The one I have is probably old. I downloaded it quite a while ago when we were talking about some of the issues on the anterless spreadsheet a few months ago.


----------



## nelsonccc (Jul 8, 2014)

nocturnalenemy said:


> GS deer tags do not use the 50% bonus/50% random rule. These are preference points. All tags go to those with the most points.


Exactly this. Don't know how I missed this or didn't know it. So do I have preference and bonus points for GS deer? Or are my 2 points really preference points? Never really understood the difference. I've applied for Panguitch as my first choice every year so does that mean I have preference points for GS deer?

Nevermind, I was being lazy and just looked it up here.

http://wildlife.utah.gov/hunting-in-utah/hunting-permits/684-how-bonus-and-preference-points-work

So I have 2 preference points. The questions would be how does the draw work? If I put in for Panguitch and don't draw am I then considered in the 2 point pool for my 2nd choice, lets say pine valley? Or do I fall behind everyone who had pine valley as their first choice?

This from the DWR page is confusing or I'm stupid....

'*How preference points work in the general-season drawing*: Starting with the highest point level, the drawing looks at the hunter's first choice. If a permit is available for the hunt, the permit is awarded. (In the case of a group application, permits are awarded if there are enough permits for the people in the group.) If permits are not available, the application is skipped and the first choice of the next person is considered. After all first choices have been considered at that preference point level, the drawing will start looking at the second choices within that point level. This process continues in the same way for third, fourth and fifth choices. When the drawing is done for the highest point level, the process repeats for each point level down. Learn more about preference points.'


----------



## derekp1999 (Nov 17, 2011)

nelsonccc said:


> So I have 2 preference points. The questions would be how does the draw work? If I put in for Panguitch and don't draw am I then considered in the 2 point pool for my 2nd choice, lets say pine valley? Or do I fall behind everyone who had pine valley as their first choice?

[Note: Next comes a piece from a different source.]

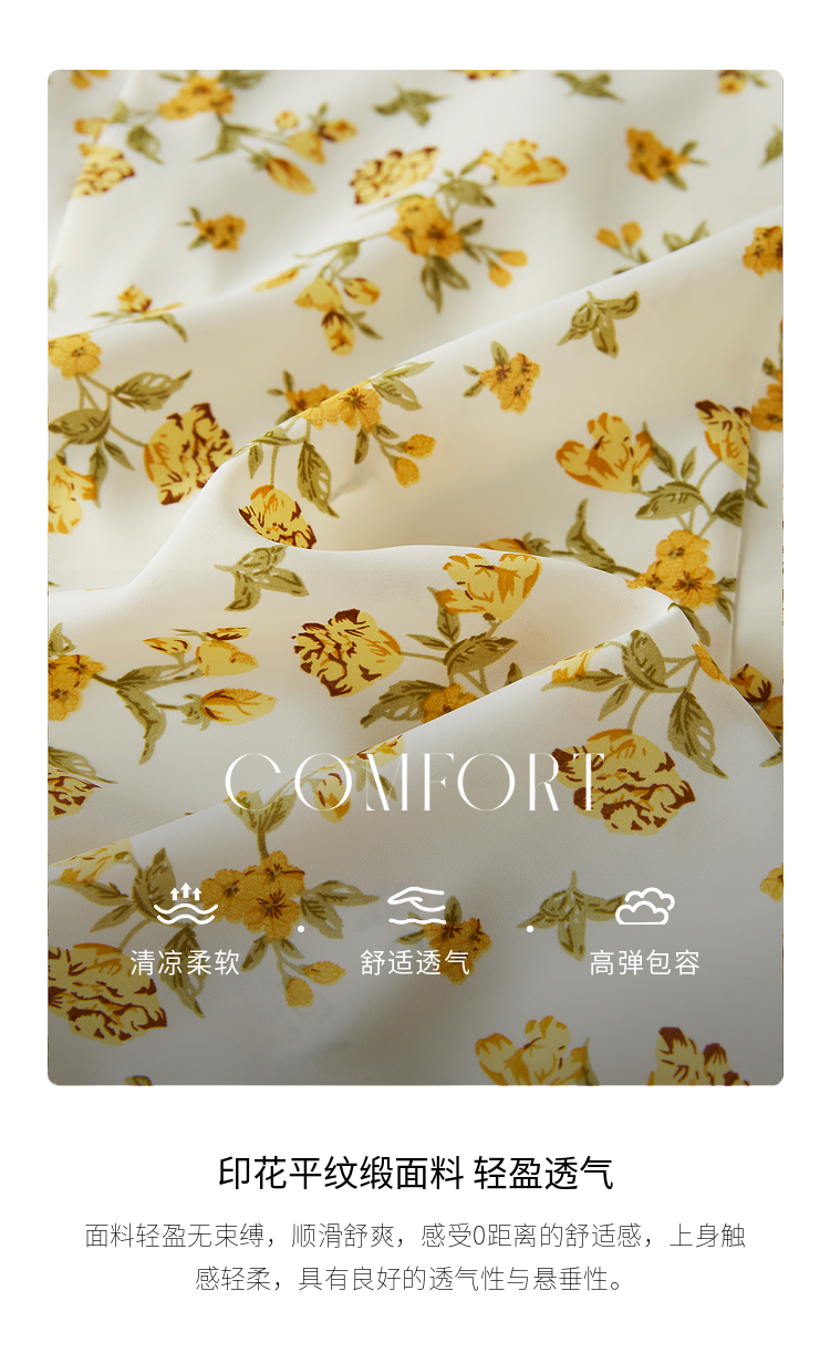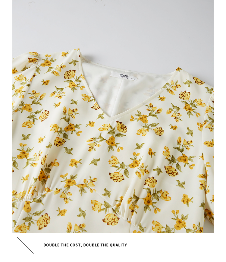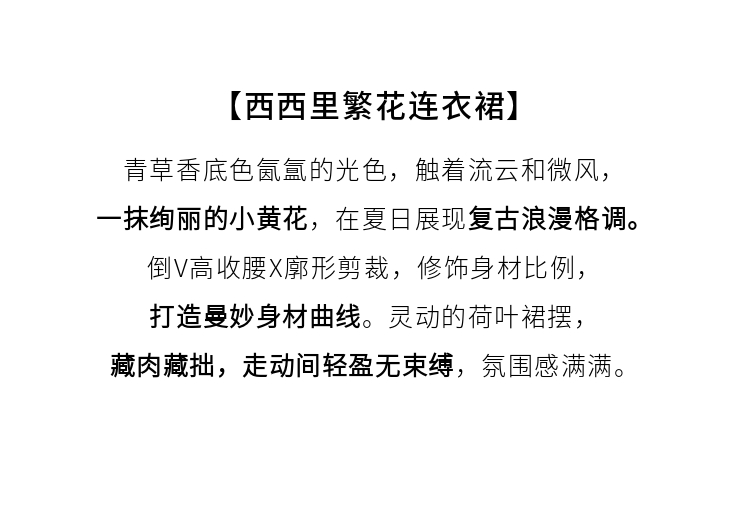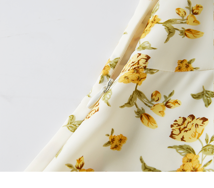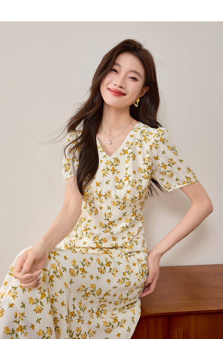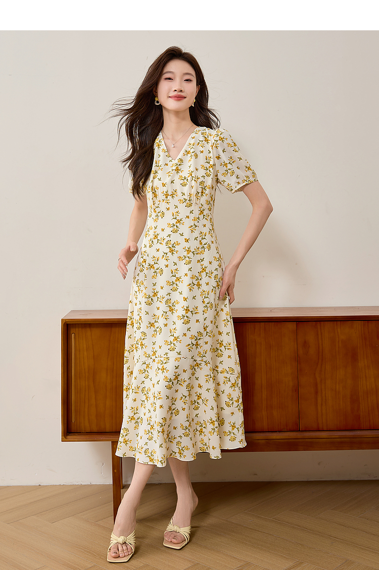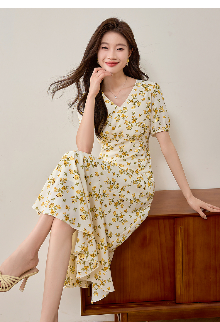 【专属特价】熙世界小黄花碎花连衣裙夏2025新款泡泡袖V领鱼尾裙过膝长裙子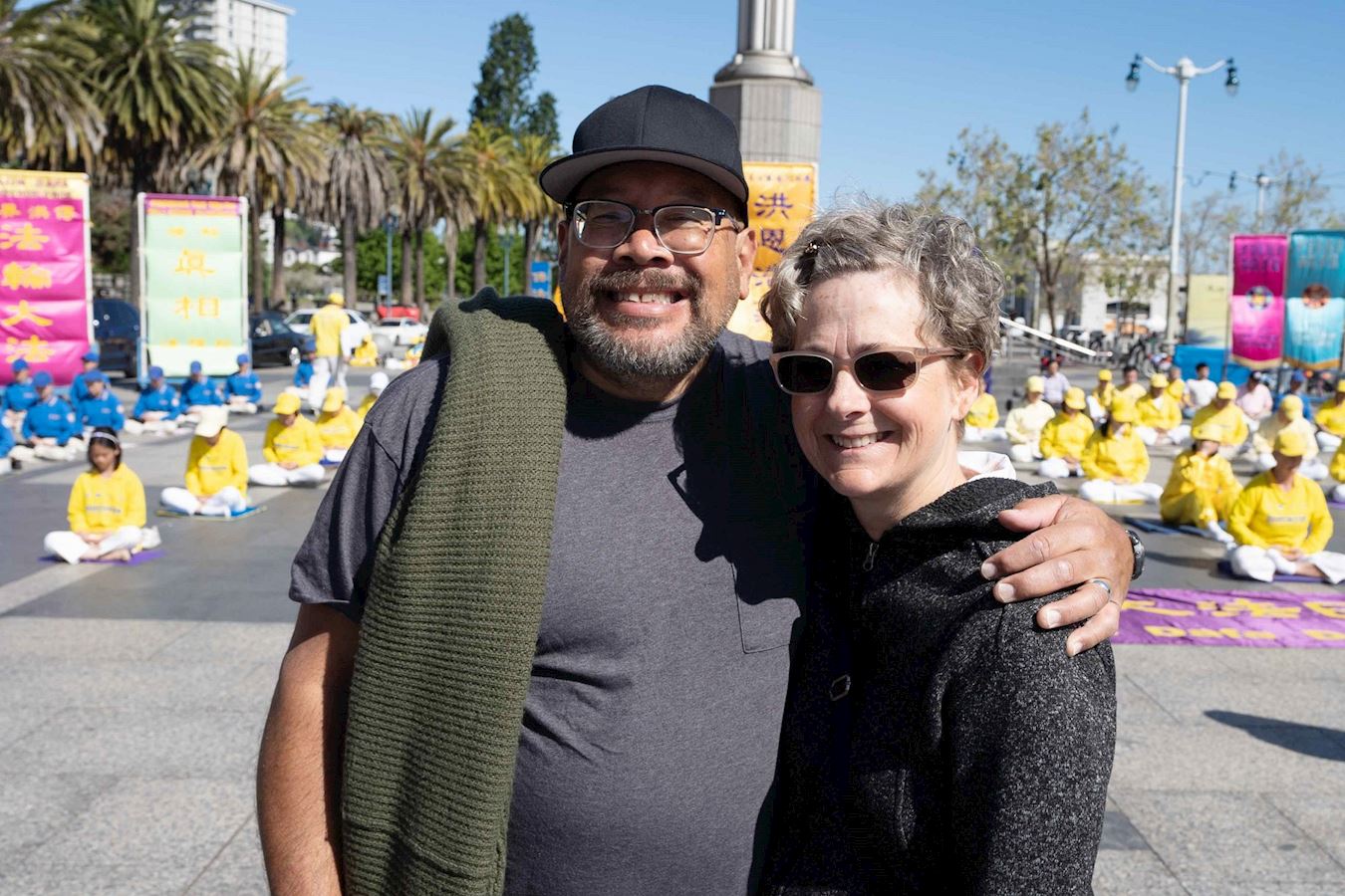 维姬(Vicki)和克雷格(Craig)了解到中共对法轮功的迫害,一起谴责中共的暴行。维姬说,“中共对法轮功的迫害太恐怖了,你们(法轮功学员)是和平的团体,谁会不喜欢这个原则呢?”

Applicants are sorted into preference point pools without consideration for which hunt unit was selected on the application. Once all applicants are arranged into preference point pools applicants are issued random numbers that determine their drawing order within that preference point pool. All applicants within the highest preference point pool are considered and permits awarded before moving to the next preference point pool. So for example, all applicants with 4 preference points will have their applications evaluated and satisfied before moving on to the 3 preference point pool. If you do not draw your first choice on your application you will be awarded a preference point for the drawing the following year.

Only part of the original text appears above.